Stewart, 31, was a 2006 first-round draft pick of the Avalanche and has played 652 career NHL games between six teams. His best season came as a 22-year-old with the Avalanche in 2009-10, when he scored 64 points (28 goals, 36 assists) over 77 games. Last season, he played in the EIHL for the Nottingham Panthers, scoring 13 points (six goals, seven assists) through 23 games.

The 6-foot-2, 242-pound winger has ties to the Flyers' GM. He played parts of three seasons for Fletcher's Wild from 2014 to 2018, putting up 25 goals, 20 assists and a plus-6 rating in 146 games.

The Flyers like their options for the third-line winger vacancy. The names include Joel Farabee, Morgan Frost, Isaac Ratcliffe, German Rubtsov, Carsen Twarynski, Mikhail Vorobyev, Nicolas Aube-Kubel, Andy Andreoff and Kurtis Gabriel.

Farabee and Frost have drawn a lot of attention as young first-round draft picks coming off big seasons with Boston University (see story) and the OHL's Sault Ste. Marie Greyhounds (see story), respectively. Rubtsov is an underrated option given his size, advanced game and positional versatility. Ratcliffe is a 6-foot-6 winger who scored 50 goals last season with the OHL's Guelph Storm, while Vorobyev saw time with the Flyers in 2018-19.

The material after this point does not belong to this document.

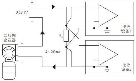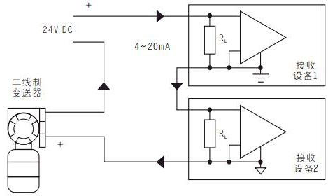 在應用中,我們還會經常遇到將一個變送器信號接入兩個或兩個以上接收裝置的情況,若采用串聯環路,則環路中任一處開路都會造成整個環路上的儀表無信號,而且負載電阻之和很容易超過變送器的負載能力 還必須保證兩個負載信號之間參考點不一樣,如圖3。
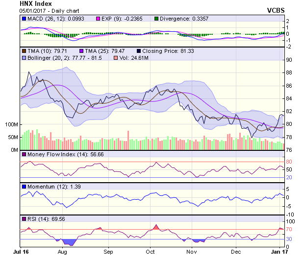 Tuy nhiên, chỉ số vẫn ở trong thị trường giá xuống (bear market), với kháng cự tại 82,2 điểm (MA100). Trong phiên 6/1, HNX-Index có thể tiếp tục giảm điểm về mốc hỗ trợ gần nhất tại 80,8 điểm (MA5), nếu mốc này được giữ vững, chỉ số sẽ hồi phục từ đây để hướng đến kháng cự gần nhất tại 82,2 điểm (MA100).

"It's more than Farabee and Frost," Fletcher said July 1. "I think Rubtsov had a tremendous prospect camp here. Ratcliffe is a quality young player. Vorobyev is a young man that we feel is going to come back next year a little bit stronger.

"There are several players down there that can play games, never mind Andreoff, who's a player that I think will make a very strong push to make our team this season. Kurtis Gabriel is a player that's played games in the NHL the past few seasons. We have a lot of options. That's what training camp is for — it's an opportunity for players to come in and show that they belong. It should be an exciting camp."